Chris Pollett > Students > Charles

    Print View



    [CS297 Proposal]

    [Deliverable #1: Compare Basic Summarizer to Centroid-Based Summarizer using ROUGE]

    [Deliverable #2: Create a Dutch Stemmer for the Yioop Search Engine]

    [Deliverable #3: Create a New Summarizer for the Yioop Search Engine]

    [Deliverable #4: Term Frequency Weighting in the Centroid-Based Summarizer]

    [CS297 Report]

    [CS299 Proposal]

    [Deliverable #1: Test Yioop Summarizers Against a Large Data Set]

    [Deliverable #2: Improve the ROUGE Results for Dr. Pollett's Summarization Algorithm]

    [CS 299 End of Fall 2015 Semester Summary]

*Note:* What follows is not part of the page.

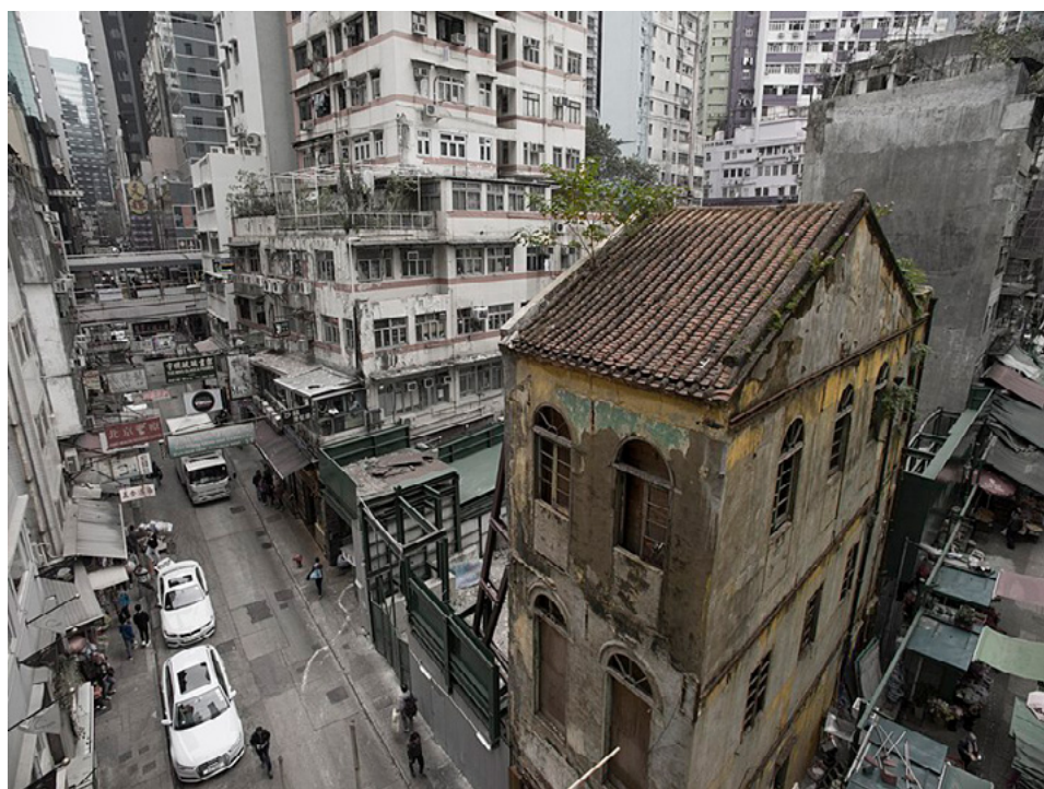
威靈頓街的永和號原瓦頂已遭市建局拆走（網上圖片）

易容的近義詞。就如陳炳釗鐵行里老家旁的中環中心在千禧年前橫空出世，一舉夷平此前一百年的社區結構。消失了的景物幻化成鬼魅，偶爾還會闖入人的想象。留下來的、活化後的軀殼，就如經過改造的孤魂，適應新時代。更新與活化，可以是一個漫長的過程，對象也不只是建築物，就連舊街坊的靈魂，或已被劃入重建範圍。

    [Deliverable #3: A Numerically Stable Lanczos Text Summarization Algorithm]

    [Deliverable #4: Improving Text Summarization using Automatic Sentence Compression]

    [CS299 Presentation]

    [CS299 Report]


Advisor: Dr. Chris Pollett


This project is focused on the text summarization. Text summarization is the ability to obtain the key ideas from a text passage using as little words as possible. Dr. Pollett has a search engine, Yioop, that uses a centroid-based summarizer (CBS) to summarize its crawled documents. A CBS hinges on using a centroid (a set of words that are statistically important to the document) to get the main idea for the document. After that it computes the text frequencies and cosine similarity to build the summary. This project will attempt to improve the existing CBS by weighting the sentences based on their location in the content. For example, if the sentence is within a H1 tag, it will have a more signifcant weight versus a sentence in a H2 tag. The results from the current CBS and the improved version will be compared using the Recall-Oriented Understudy for Gisting Evaluation (ROUGE) software package, which as of now is the gold standard for calculating summarization metrics.

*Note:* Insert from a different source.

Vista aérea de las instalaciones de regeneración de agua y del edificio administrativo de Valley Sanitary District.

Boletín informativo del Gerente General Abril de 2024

Week 1: Jan. 22 - 28I will get the propasal ready.
Week 2: Jan. 29 Feb. 4Deliverable #1: I will clone the Seek Quarry GIT repository and get it running. After that I will get a simple crawl going. Once I have crawled some content I will test each of the summarizers on a sample of web pages of my choice.
Week 3: Feb. 5 Feb 11Continue work from week 2.
Week 4: Feb. 12 Feb. 18Deliverable #2: I will create a stemmer in the Dutch language that can be used in the Yioop search engine.
Week 5: Feb. 19 Feb. 25Continue work from week 4.
Week 6: Feb. 26 Mar. 4Continue work from week 5.
Week 7: Mar. 5 Mar. 11Deliverable #3: I will find a paper that covers an algorithm used for summarization. Once I have found the right paper, I will implement the code. I will choose the best language for the job but will most likely be PHP.
Week 8: Mar. 12 Mar. 18Continue work from week 7.
Week 9: Mar. 19 Mar. 25Continue work from week 8.
Week 10: Mar. 26 Apr. 1Deliverable #4: I will implement Dr. Pollett's summarizer algorithm in PHP. The goal would be to see how good it is and add it as one of the choices in the Yioop serarch engine.
Week 11: Apr. 2 Apr. 8Continue work from week 10.
Week 12: Apr. 9 Apr. 15Continue work from week 11.
Week 13: Apr. 16 Apr. 22Continue work from week 12.
Week 14: Apr. 23 Apr. 29Deliverable #5: At this point, I am ready to write the CS 297 report. I will gather all of the information that has taken place over the semester and create a close to 10 page report.
Week 15: Apr. 30 May. 6Continue work from week 14.
Week 16: May. 7 May. 13Continue work from week 15.


The full project will be done when CS298 is completed. The following will be done by the end of CS297:

1. Clone the GIT Seek Quarry repository, perform a simple crawl and test its summarizers.

2. Implement a Dutch summarizer that can be used in the Yioop search engine.

3. Find a paper on the summarization topic that contains an algorithm and code it.

4. Implement Dr. Pollett's summmarizer algorithm.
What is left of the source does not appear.